The TD Cowen Insight

The WCSB is set to experience the largest increase in natural gas export volume in its history. Liquefied Natural Gas (LNG) Canada is the first of a series of projects that should provide robust demand growth for Canadian natural gas through 2030. In aggregate, we see a path that should allow the basin to grow natural gas production by mid-single digits per year and support a higher-than-current price.

Our Thesis

We believe that the additional demand for WCSB natural gas from LNG Canada Phase 1 will largely be filled in real time through a combination of recent supply additions and existing pre-set growth plans through 2025. This will likely result in continued weakness in natural gas prices through year-end. However, with producer supply-restraint past 2026, we see a path to continued basin growth and stronger WCSB natural gas pricing.

We estimate that western Canada can grow natural gas production by approximately 1 billion cubic feet per day (5% year-over-year) in 2026 and maintain an Architecture, Engineering, Construction and Operation (AECO) price above our current 2026 assumption of US$3.00 per thousand cubic feet (mcf) reflected in our cash flow (CF) models. Longer-term (i.e., through 2030), we believe that the incremental demand will provide the basin with the ability to grow at a compound annual growth rate (CAGR) of approximately 5%. This sets the stage for improved equity pricing and robust returns for shareholders through the remainder of the decade.

What is Proprietary?

This report breaks through traditional sell-side dynamics of asset class, sector, and Research Analyst silos. The commodity analysis includes a TD Cowen proprietary, bottom-up supply/demand model for WCSB natural gas that integrates into a WCSB natural gas pricing model. From a sector perspective, this report relies on the expertise of six Research Analysts across North America (Calgary, Toronto and New York) covering six subsectors (E&P, Midstream, Integrated Oil, Power/Utilities and Energy Services).

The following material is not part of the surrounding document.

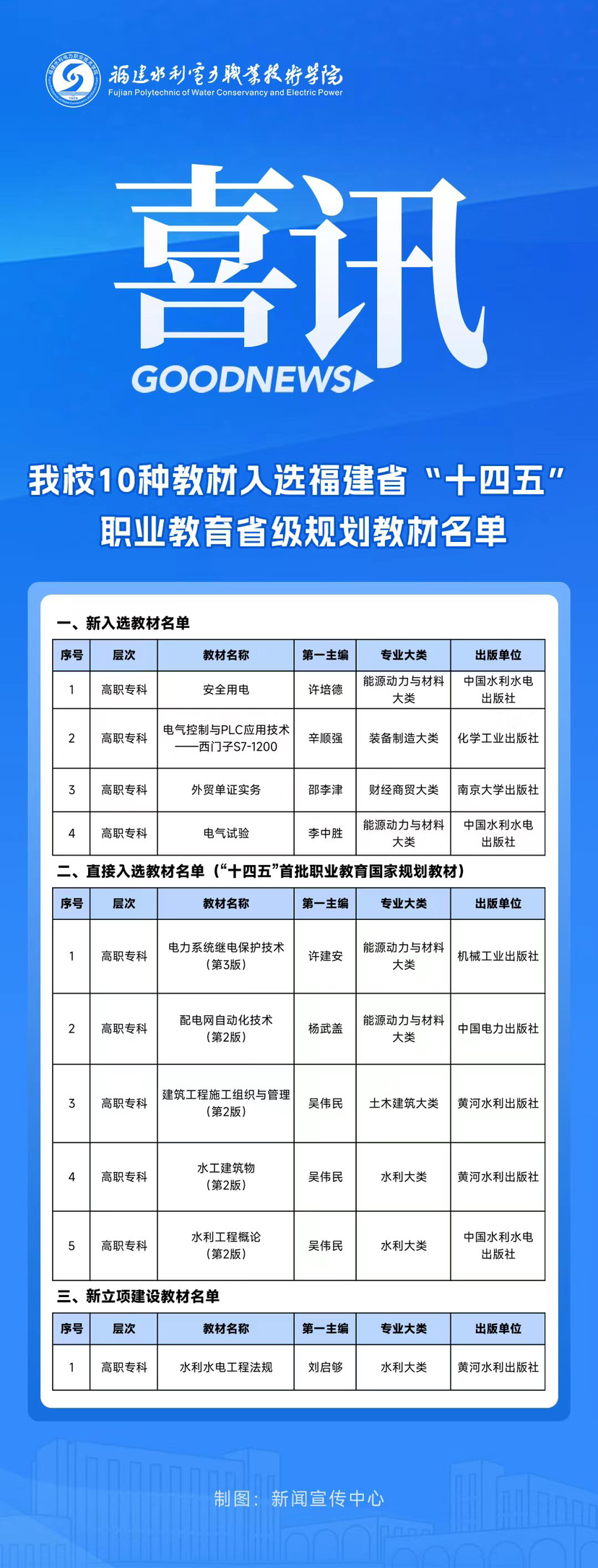 日前,福建省教育厅公布“十四五”职业教育省级规划教材入选和立项建设教材名单。我校教师编写的10种教材成功入选(其中5种为“十四五”首批职业教育国家规划教材直接入选)。
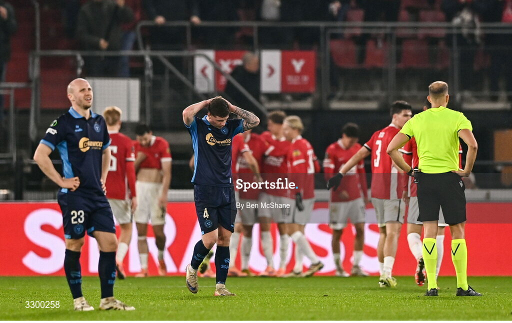 27 November 2025; Kameron Ledwidge of Shelbourne reacts after his side conede their second goal during the UEFA Conference League 2025/26 league phase match between AZ Alkmaar and Shelbourne at AFAS Stadion in Alkmaar, Netherlands. Photo by Ben McShane/Sportsfile

The full report pushes past the pathway for LNG demand growth in Canada by exploring:

The supply/demand balance of global LNG out to 2030 (how does Canadian gas fit within this framework?);
The importance of Canadian gas supply to meet U.S. consumption;
WCSB producer growth and how these supply additions could impact WCSB natural gas prices;
In-basin demand growth from steam-assisted gravity drainage (SAGD) development and datacenters and
The timing and bottlenecks of meeting datacenter demand with incremental gas-fired power generation.

Financial and Industry Model Implications

We expect that LNG Canada is the first significant step towards steady demand growth for Canadian natural gas. In the near-term, we anticipate the ramp-up of the facility effectively adds a single customer responsible for approximately 10% growth to current WCSB natural gas consumption. Given limited incremental storage additions, it could result in higher gas price volatility (both up and down).

Over the medium-term, additional LNG export projects could reach approximately 7.5% of total global LNG supply by 2030. This, combined with steady growth of in-basin demand from both SAGD projects and natural gas fired power plants, will be supportive of WCSB gas prices if the basin can maintain a growth rate of approximately 5% per year or less (i.e. ~1 billion cubic feet per day (Bcf/d) per year) through 2030 assuming:

all key Canadian LNG projects that are currently under construction or proposed are ultimately built and
one-third of current proposed Alberta datacenter projects materialize.”

Our current target price calculations reflect a combination of trailing three-year average enterprise value/debt-adjusted cash flow (EV/DACF) multiples and net asset value (NAV) under near-strip commodity price assumptions. We believe that, over the next five-years, growing demand for WCSB natural gas should result in modest production, cash flow (CF) and free cash flow (FCF) growth. In aggregate, we see this as positive for equity prices – even before factoring the potential for sector multiple re-ratings.

We note that the upside scenarios outlined above are predicated on a natural gas price that is higher than we use in our current company forecasts. Our current company financial estimates are set approximately every quarter and are generally based on current strip pricing at the time (which is lower than the potential outcome described above).

What to Watch

Through the remainder of 2025 and early 2026, investors should be closely watching the speed that LNG Canada ramps-up and the volumes that producers are adding to the basin. A faster-than-anticipated ramp-up period (and/or slower-than-anticipated basin supply growth) would be positive for WCSB natural gas pricing, in our view; the inverse would be negative for WCSB pricing. Over the medium-term, investors should be watching for the timing of:

incremental LNG facilities that are either under development or approaching FID,
the pace that incremental power load indications are being converted into additional power (and natural gas) demand for the grid and
producer activity.

Investors should closely monitor producer capital budgets and multi-year plans to ensure that planned production growth rates do not exceed anticipated demand growth.